By Tero Alstola
What connects ancient Judean exiles with the San Francisco Bay Area? The answer is the University of California Berkeley and Dr Laurie E. Pearce, one of the leading scholars in the study of the Babylonian exile of Judeans. In her recent book (Documents of Judean Exiles and West Semites in Babylonia in the Collection of David Sofer, Bethesda: CDL, 2014) co-authored with Cornelia Wunsch, Pearce published hundred documents from mid-first millennium BCE Babylonia pertaining to Judean exiles. These clay tablets are economic documents such as contracts and promissory notes that provide us with information on the everyday lives of the Judean community living in Al-Yahudu, “Town of Judah”, and its surroundings.

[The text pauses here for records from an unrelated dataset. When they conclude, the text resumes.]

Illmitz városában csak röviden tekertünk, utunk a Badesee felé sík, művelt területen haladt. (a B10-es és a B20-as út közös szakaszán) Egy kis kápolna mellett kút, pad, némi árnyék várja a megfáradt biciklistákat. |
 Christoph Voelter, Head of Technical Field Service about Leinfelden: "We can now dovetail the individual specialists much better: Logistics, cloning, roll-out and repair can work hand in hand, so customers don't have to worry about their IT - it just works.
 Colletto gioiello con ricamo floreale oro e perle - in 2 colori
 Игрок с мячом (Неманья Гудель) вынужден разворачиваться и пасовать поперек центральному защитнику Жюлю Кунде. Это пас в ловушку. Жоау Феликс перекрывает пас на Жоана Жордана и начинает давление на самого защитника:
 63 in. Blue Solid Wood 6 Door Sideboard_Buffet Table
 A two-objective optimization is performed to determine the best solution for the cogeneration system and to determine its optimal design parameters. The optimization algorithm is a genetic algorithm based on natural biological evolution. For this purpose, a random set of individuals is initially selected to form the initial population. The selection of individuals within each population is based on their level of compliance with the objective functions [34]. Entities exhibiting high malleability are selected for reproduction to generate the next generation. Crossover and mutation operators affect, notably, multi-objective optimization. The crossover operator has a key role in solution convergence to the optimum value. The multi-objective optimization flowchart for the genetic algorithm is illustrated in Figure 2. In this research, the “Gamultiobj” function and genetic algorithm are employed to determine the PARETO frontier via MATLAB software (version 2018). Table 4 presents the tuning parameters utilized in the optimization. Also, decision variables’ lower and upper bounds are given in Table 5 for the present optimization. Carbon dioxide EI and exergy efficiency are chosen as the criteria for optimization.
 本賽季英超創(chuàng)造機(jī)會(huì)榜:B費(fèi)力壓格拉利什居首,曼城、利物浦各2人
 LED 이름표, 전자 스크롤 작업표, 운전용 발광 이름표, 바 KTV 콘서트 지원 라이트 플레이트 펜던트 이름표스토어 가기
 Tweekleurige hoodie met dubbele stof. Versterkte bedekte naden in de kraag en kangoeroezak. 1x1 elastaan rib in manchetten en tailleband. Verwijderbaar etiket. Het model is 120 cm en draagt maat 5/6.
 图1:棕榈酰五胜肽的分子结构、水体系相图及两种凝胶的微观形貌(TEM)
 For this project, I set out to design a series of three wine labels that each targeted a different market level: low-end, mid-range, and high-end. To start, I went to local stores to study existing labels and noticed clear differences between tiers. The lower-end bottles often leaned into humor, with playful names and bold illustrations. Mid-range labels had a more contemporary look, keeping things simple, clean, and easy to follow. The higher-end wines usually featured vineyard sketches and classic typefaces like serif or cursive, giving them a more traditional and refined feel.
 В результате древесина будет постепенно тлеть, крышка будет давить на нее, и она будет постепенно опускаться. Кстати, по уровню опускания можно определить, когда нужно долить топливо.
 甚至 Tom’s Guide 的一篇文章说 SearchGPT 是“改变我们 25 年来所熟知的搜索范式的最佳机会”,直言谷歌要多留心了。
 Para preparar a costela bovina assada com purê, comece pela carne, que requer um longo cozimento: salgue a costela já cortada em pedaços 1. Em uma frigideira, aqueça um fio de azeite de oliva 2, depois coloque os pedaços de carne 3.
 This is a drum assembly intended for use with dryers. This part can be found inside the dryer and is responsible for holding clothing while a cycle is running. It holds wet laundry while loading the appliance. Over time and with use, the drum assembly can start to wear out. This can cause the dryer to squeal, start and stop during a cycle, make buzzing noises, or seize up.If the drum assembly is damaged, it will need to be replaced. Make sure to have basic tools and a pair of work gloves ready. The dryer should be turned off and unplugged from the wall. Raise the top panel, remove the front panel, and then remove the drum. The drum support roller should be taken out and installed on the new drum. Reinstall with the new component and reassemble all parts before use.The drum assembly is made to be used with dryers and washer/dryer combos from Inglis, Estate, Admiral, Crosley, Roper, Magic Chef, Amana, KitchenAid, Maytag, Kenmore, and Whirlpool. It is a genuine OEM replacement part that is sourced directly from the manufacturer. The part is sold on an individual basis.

The documents reveal that Judeans and other people were deported from their distant homelands in the early sixth century BCE, settled in the Babylonian countryside, and provided with plots of land to cultivate. These people were not slaves and their socioeconomic status was that of a small farmer: they got their living from their fields and gardens and had to perform work service and pay taxes, which sometimes led to indebtedness and strained economic situation. At the same time, some members of the Judean community pursued a successful career in the world of business and administration. The preserved documents mostly pertain to the activities of these prosperous individuals.
The texts from Al-Yahudu are the most important sources for my PhD research which focuses on Judeans and other exiled groups in Babylonia in the sixth and fifth centuries BCE. My PhD project brought me also to Berkeley, where I stayed for four weeks from mid-January until mid-February working with Laurie Pearce and preparing a dissertation chapter on the Al-Yahudu texts. UC Berkeley is known for its high academic standards, and it turned out to be an inspiring research environment. The atmosphere was not only created by great colleagues but also by the physical environment. The ancient Near Eastern seminar room with its reference library was a cosy space to do my daily work, and the green campus was an enjoyable place for a shortwalk or coffee break.
I spent my weekends exploring California and I was deeply impressed by the ancient redwoods, hilly coastline, and Yosemite National Park with its mountains and waterfalls. Even though most of my daily work takes place at my desk and inside my head, good colleagues and inspiring environment have a strong effect on my productivity. This was proved again during the four weeks in Berkeley.